**TASK INPUT**.
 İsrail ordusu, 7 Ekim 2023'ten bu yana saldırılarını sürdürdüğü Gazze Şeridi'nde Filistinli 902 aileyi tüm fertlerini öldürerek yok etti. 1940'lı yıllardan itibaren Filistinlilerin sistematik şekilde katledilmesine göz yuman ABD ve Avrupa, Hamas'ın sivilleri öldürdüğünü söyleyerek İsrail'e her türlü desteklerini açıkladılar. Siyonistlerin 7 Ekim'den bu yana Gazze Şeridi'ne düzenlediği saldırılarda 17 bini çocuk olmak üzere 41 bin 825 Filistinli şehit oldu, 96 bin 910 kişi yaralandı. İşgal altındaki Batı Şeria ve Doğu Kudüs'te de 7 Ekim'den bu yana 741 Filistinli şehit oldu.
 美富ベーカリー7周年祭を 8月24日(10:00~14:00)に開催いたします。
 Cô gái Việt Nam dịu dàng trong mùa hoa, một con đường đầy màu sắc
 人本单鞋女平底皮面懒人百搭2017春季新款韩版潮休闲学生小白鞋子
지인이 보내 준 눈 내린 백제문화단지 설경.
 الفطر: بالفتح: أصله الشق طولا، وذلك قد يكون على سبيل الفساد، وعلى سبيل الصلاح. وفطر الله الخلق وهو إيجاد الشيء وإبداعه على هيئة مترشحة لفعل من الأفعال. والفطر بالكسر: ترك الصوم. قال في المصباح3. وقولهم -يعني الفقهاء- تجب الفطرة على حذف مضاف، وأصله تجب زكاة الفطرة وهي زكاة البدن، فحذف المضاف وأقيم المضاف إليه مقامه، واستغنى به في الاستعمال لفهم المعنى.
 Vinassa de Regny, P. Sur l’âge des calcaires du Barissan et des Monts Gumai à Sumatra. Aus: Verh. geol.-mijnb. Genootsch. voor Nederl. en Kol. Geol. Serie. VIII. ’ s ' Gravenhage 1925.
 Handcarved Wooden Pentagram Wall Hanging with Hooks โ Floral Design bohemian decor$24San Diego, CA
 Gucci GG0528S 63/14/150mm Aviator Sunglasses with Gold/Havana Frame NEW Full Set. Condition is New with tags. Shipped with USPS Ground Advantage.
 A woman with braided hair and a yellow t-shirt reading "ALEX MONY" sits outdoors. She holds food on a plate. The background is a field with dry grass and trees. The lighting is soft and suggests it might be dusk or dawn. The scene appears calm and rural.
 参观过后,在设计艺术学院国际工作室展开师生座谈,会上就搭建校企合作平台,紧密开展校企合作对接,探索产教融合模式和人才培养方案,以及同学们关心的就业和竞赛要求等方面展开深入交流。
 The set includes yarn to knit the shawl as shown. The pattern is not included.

**PROBLEM TO WORK ON**.
Look above for the line holding "美富ベーカリー7周年祭を 8", then set down exactly that line and every line after it up to and including the line holding "Vinassa de Regny, P.", with nothing else.

**YOUR SOLUTION**.
 美富ベーカリー7周年祭を 8月24日(10:00~14:00)に開催いたします。
 Cô gái Việt Nam dịu dàng trong mùa hoa, một con đường đầy màu sắc
 人本单鞋女平底皮面懒人百搭2017春季新款韩版潮休闲学生小白鞋子
지인이 보내 준 눈 내린 백제문화단지 설경.
 الفطر: بالفتح: أصله الشق طولا، وذلك قد يكون على سبيل الفساد، وعلى سبيل الصلاح. وفطر الله الخلق وهو إيجاد الشيء وإبداعه على هيئة مترشحة لفعل من الأفعال. والفطر بالكسر: ترك الصوم. قال في المصباح3. وقولهم -يعني الفقهاء- تجب الفطرة على حذف مضاف، وأصله تجب زكاة الفطرة وهي زكاة البدن، فحذف المضاف وأقيم المضاف إليه مقامه، واستغنى به في الاستعمال لفهم المعنى.
 Vinassa de Regny, P. Sur l’âge des calcaires du Barissan et des Monts Gumai à Sumatra. Aus: Verh. geol.-mijnb. Genootsch. voor Nederl. en Kol. Geol. Serie. VIII. ’ s ' Gravenhage 1925.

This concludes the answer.